▶ [Required action]:
Give back every record verbatim, but not the pictures.

▶ [Given data]:
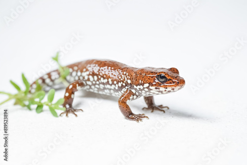 © Rysak, Naklejka premium Close-up of a Brown and White Spotted Lizard on a White Background
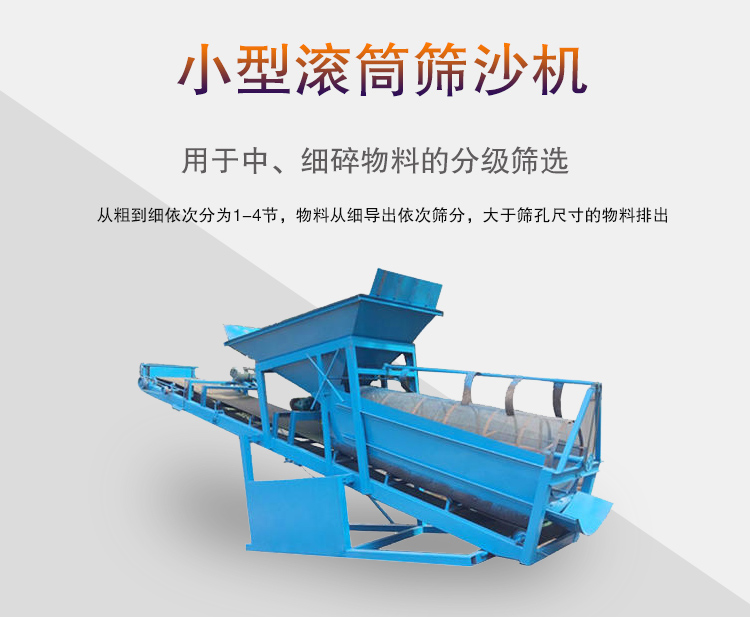 小型滾筒篩沙機主要用于中、細碎物料的分級篩選,按照不同的分級要求,從粗到細依次分為1-4節,物料從細導出依次篩分,大于篩孔尺寸的物料排出,篩面呈傾斜安裝,外部被密封隔離罩所隔離,可避免物料轉載篩分過程中出現的粉塵飛揚。
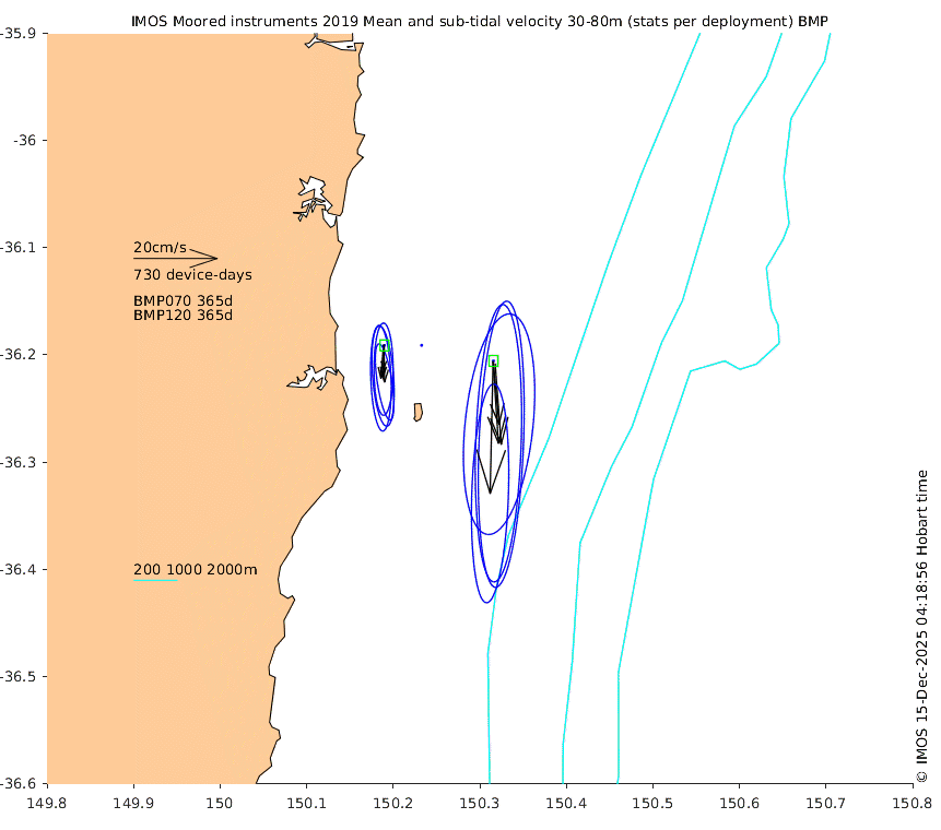 These maps show some basic analyses of the velocity data: mean (all-time in black and seasonal in colour) and sub-tidal variance for several layers and time-windows, and tidal harmonics for the depth-average velocity using the whole record. Click through to see more detailed plots of the selected dataset or to download those data from the AODN thredds server.
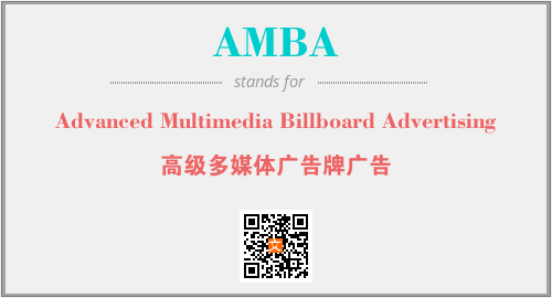 上述内容是“Advanced Multimedia Billboard Advertising”作为“AMBA”的缩写,解释为“高级多媒体广告牌广告”时的信息,以及英文缩略词AMBA所代表的英文单词,其对应的中文拼音、详细解释以及在英文中的流行度和相关分类、应用领域及应用示例等。
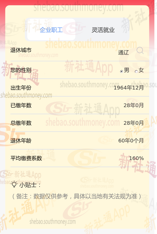 最近一位通辽退休的男性企业职工人员后台咨询,准备要退休了,工龄28年,每月按照160%档位缴纳,社保每月拿到多少钱?能领到5100元吗?
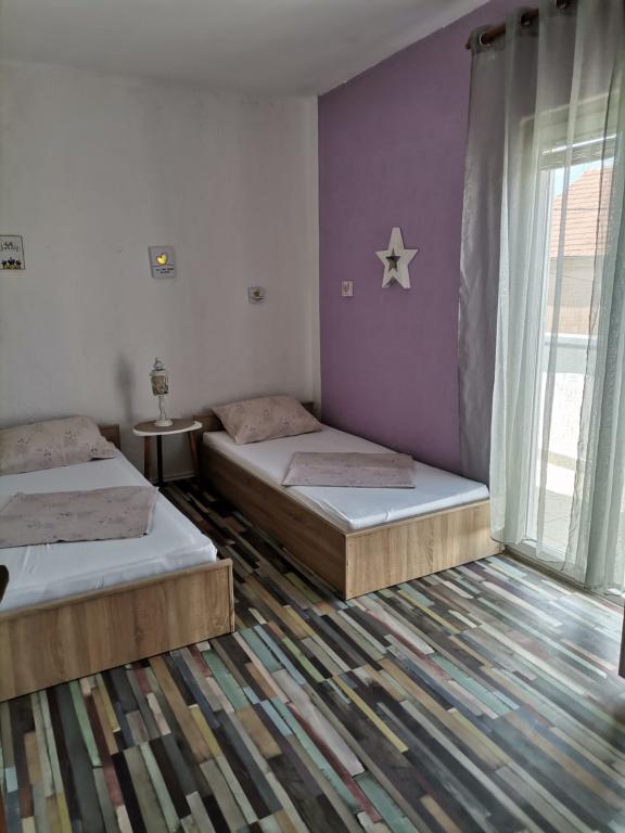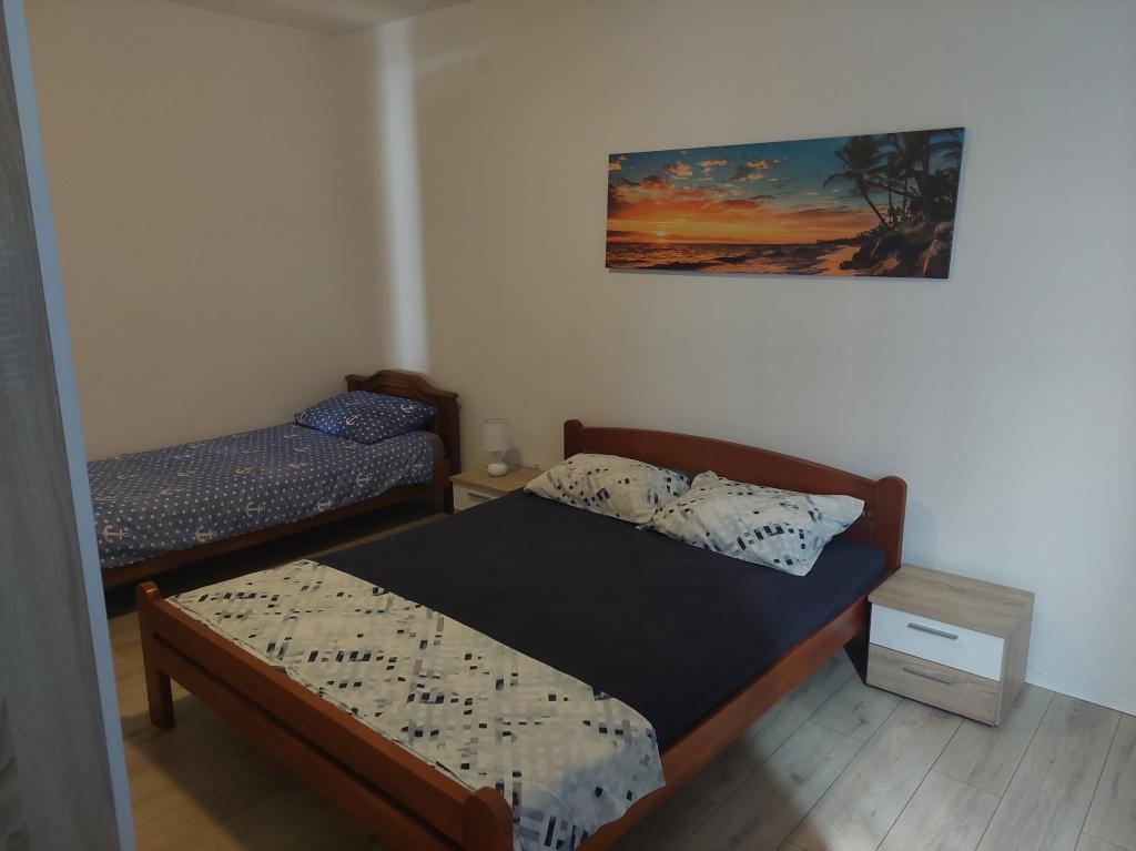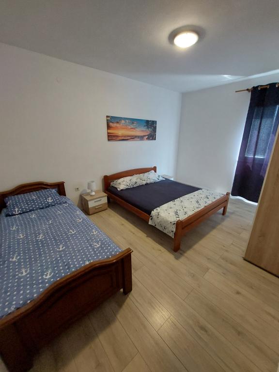 Appartementen bevinden zich op 10 minuten van het centrum naar het strand in slechts 3 minuten. Bure Shopping Centre en Konzum liggen ook in de nabijheid. De appartementen zijn uitgerust met alle noodzakelijke dingen voor een aangenaam verblijf (airconditioning, alle keukenapparatuur). Parkeren is mogelijk aan de voorkant van het appartement en het grote terras biedt uitzicht op de zee. Elk appartement heeft een groot balkon en in elke slaapkamer heeft elke kamer een eigen balkon en uitzicht op zee. De locatie van het appartement ligt in een rustig deel van de stad, ver weg van het lawaai en de luide muziek van de nachtclubs. Het appartement is ruim en biedt alles wat u nodig heeft voor een goede en aangename vakantie in het hart van Dalmatië.

▶ [Final answer]:
 © Rysak, Naklejka premium Close-up of a Brown and White Spotted Lizard on a White Background
 小型滾筒篩沙機主要用于中、細碎物料的分級篩選,按照不同的分級要求,從粗到細依次分為1-4節,物料從細導出依次篩分,大于篩孔尺寸的物料排出,篩面呈傾斜安裝,外部被密封隔離罩所隔離,可避免物料轉載篩分過程中出現的粉塵飛揚。
 These maps show some basic analyses of the velocity data: mean (all-time in black and seasonal in colour) and sub-tidal variance for several layers and time-windows, and tidal harmonics for the depth-average velocity using the whole record. Click through to see more detailed plots of the selected dataset or to download those data from the AODN thredds server.
 上述内容是“Advanced Multimedia Billboard Advertising”作为“AMBA”的缩写,解释为“高级多媒体广告牌广告”时的信息,以及英文缩略词AMBA所代表的英文单词,其对应的中文拼音、详细解释以及在英文中的流行度和相关分类、应用领域及应用示例等。
 最近一位通辽退休的男性企业职工人员后台咨询,准备要退休了,工龄28年,每月按照160%档位缴纳,社保每月拿到多少钱?能领到5100元吗?
 Appartementen bevinden zich op 10 minuten van het centrum naar het strand in slechts 3 minuten. Bure Shopping Centre en Konzum liggen ook in de nabijheid. De appartementen zijn uitgerust met alle noodzakelijke dingen voor een aangenaam verblijf (airconditioning, alle keukenapparatuur). Parkeren is mogelijk aan de voorkant van het appartement en het grote terras biedt uitzicht op de zee. Elk appartement heeft een groot balkon en in elke slaapkamer heeft elke kamer een eigen balkon en uitzicht op zee. De locatie van het appartement ligt in een rustig deel van de stad, ver weg van het lawaai en de luide muziek van de nachtclubs. Het appartement is ruim en biedt alles wat u nodig heeft voor een goede en aangename vakantie in het hart van Dalmatië.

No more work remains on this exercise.